Microsoft Unveils SageServe Framework to Slash GPU Costs for LLM Inference
Updated (2 articles)
Scale of Office 365 LLM Serving Revealed Microsoft examined its Office 365 LLM deployment handling more than 10 million daily requests across several data‑center regions, uncovering a blend of latency‑sensitive and latency‑insensitive tasks and a variety of service‑level agreements that must be met [1].
Current GPU Allocation Leads to Wasted Capacity Existing practice isolates fast and slow workloads into separate GPU pools, causing substantial idle accelerator capacity because the fixed allocations do not align with fluctuating request loads [1].

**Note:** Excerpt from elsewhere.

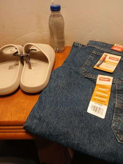 LOT 44 - NEW Pair of Size Men's S8/9 Slide ons NEW Pair of Wrangler 16 Husky Carpenter Jeans
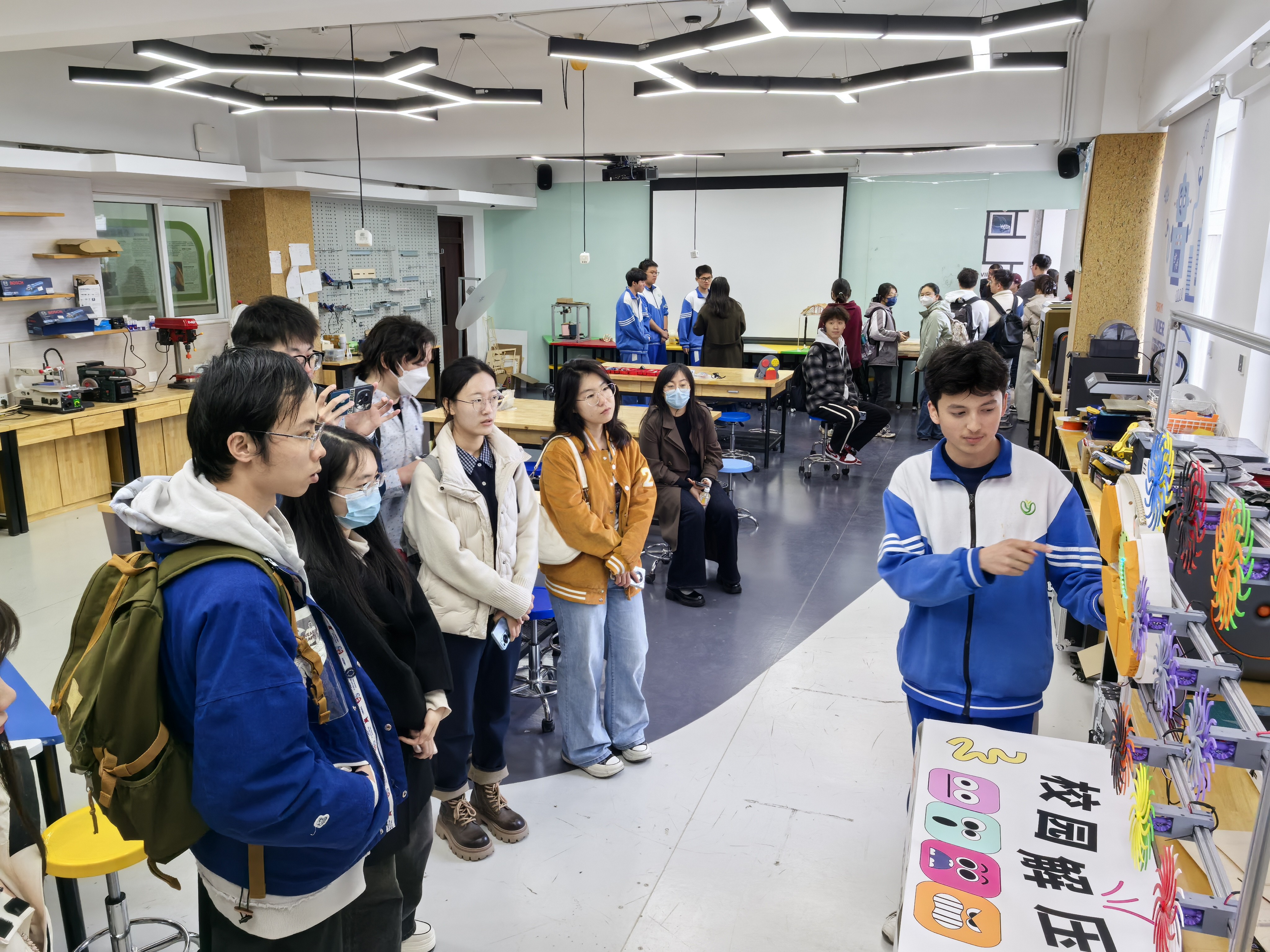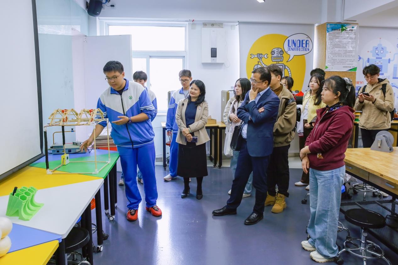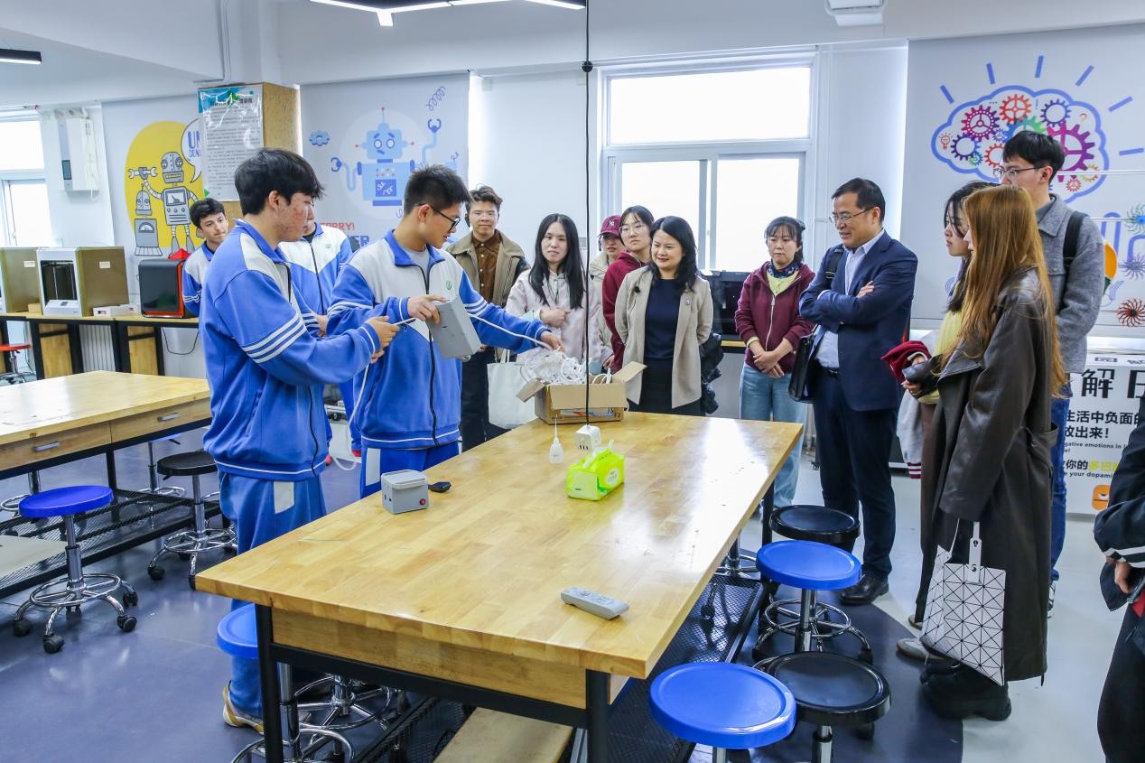 清华大学师生们在北京市和平街第一中学校长杨艳的带领下,依次参观了校园内的书香厅、艺术展廊、创客教室、阳光厅、体育馆、创客教室、汉服制作室、美术教室等,观摩了部分校本课程,并详细了解了学生创新项目的开展情况。学校丰富的校本课程和独特的校园文化给调研师生留下了深刻印象。

SageServe Employs Multi‑Timescale Dynamic Routing The proposed SageServe framework adds a multi‑timescale controller that routes requests to appropriate data centers in the short term, while scaling GPU virtual machines and placing models over longer horizons using traffic forecasts and an integer linear programming optimizer [1].
Evaluations Show Up to 25 % GPU‑Hour Savings Simulations and live tests on 10 million production requests across three regions and four open‑source models cut GPU‑hour consumption by as much as 25 % versus baseline; auto‑scaling waste fell 80 %, translating to potential monthly cost reductions of up to $2.5 million while preserving tail‑latency SLAs [1].